Where do movies come into all this? Well, obviously all movies are stories and, with proper judgment, many movies that reflect healthy life narratives can be identified. Recall that a healthy life narrative is that which a mentally healthy person might strive towards in any given situation. Are compelling characters in inspiring movies not mirror images of this? Movies reflect the inner worlds of certain people, real or imagined, that are projected onto the screen and into the viewer's mind. Mental Health movies, I propose, can be thought of as the projected aspirations of mentally healthy individuals. I would wager large sums of money that the main characters in Mental Health movies display all of the attributes of mental health, that is, they are likely to have positive self-perceptions, optimistic and open social interactions, clear and logical thought processes, effective coping abilities and high emotional intelligence. These are also the end goals of successful therapy. Further, the skills needed for optimal functioning in all of these areas are the tools utilized by the therapeutic process.

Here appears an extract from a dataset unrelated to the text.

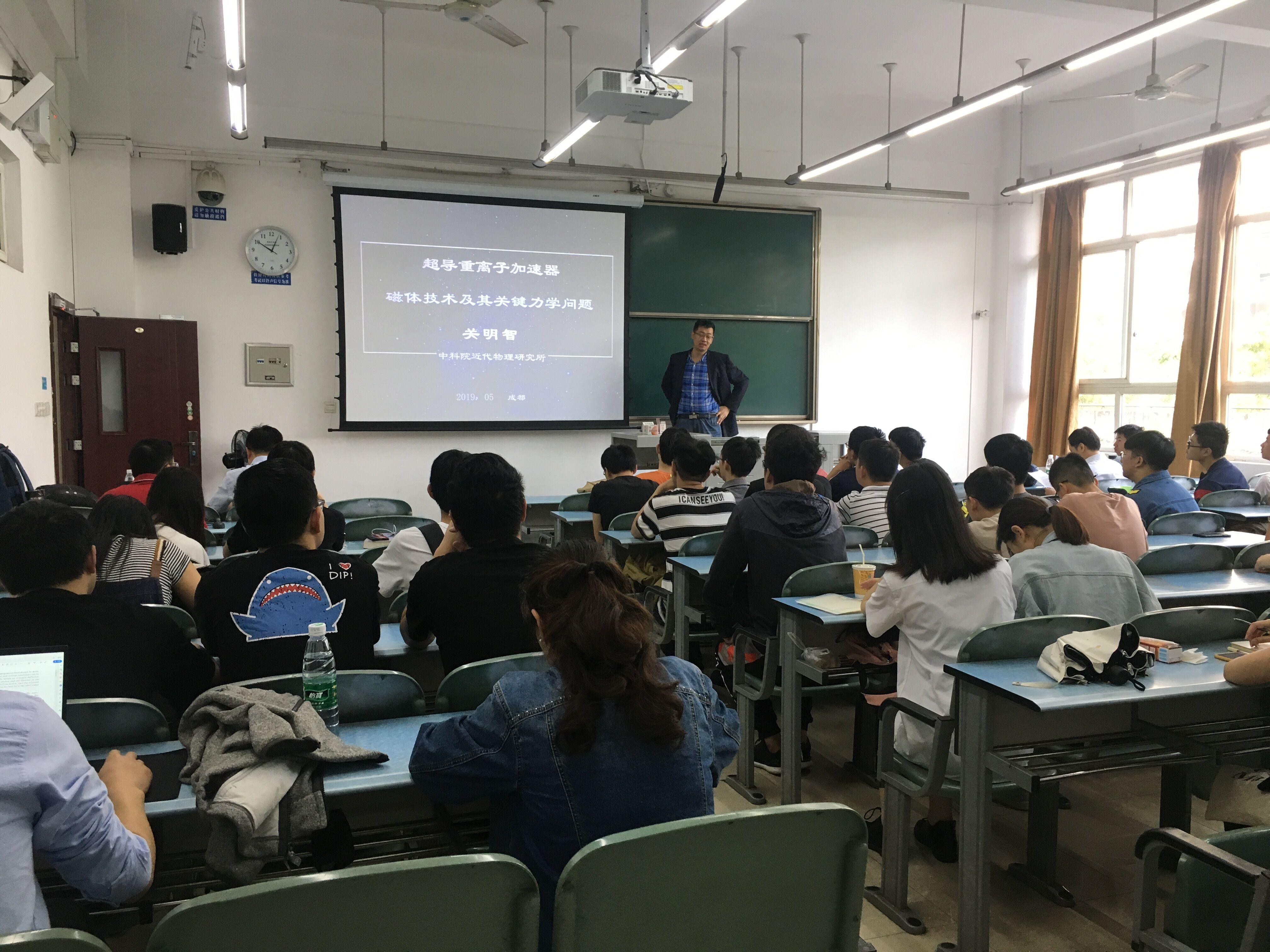 首先,关明智副研究员作了题为《超导重离子加速器磁体技术及其关键力学问题》的报告。该报告着重介绍了中国科学院近代物理研究所正在研制的强流重离子加速器及其超导磁体技术,以及力学基础研究在超导加速器磁体研制中发挥的重要作用等。

Let's take a concrete example - Dr. Drew. In his sex addiction show, a group of celebrities have entered treatment. We know two things about them: they are unhappy with their lives and they feel convinced that their sexual behavior is a root cause. Whether or not sex addiction is really the problem is a post for another day, but what can be discussed in this context is whether a healthy or unhealthy narrative about sex is being articulated.
As I see it, sex is highlighted as the primary treatment issue. To do it or to think about doing it is wrong. This is why all of the patients must remain celibate. They are told sex addiction is the result of an imbalanced brain, that any and all feelings of despair are withdrawal symptoms connected to the addiction. This seems to have left many of the patients more confused and distressed than ever. Dr. Drew implicitly shapes a story about how unhealthy sex is bad and should never happen. But there is no story about what healthy sex looks like and how it can be attained! A story unfolds about how the lives lived by these patients has been unhealthy up until now. But there is no story about how to go out and live a healthy life!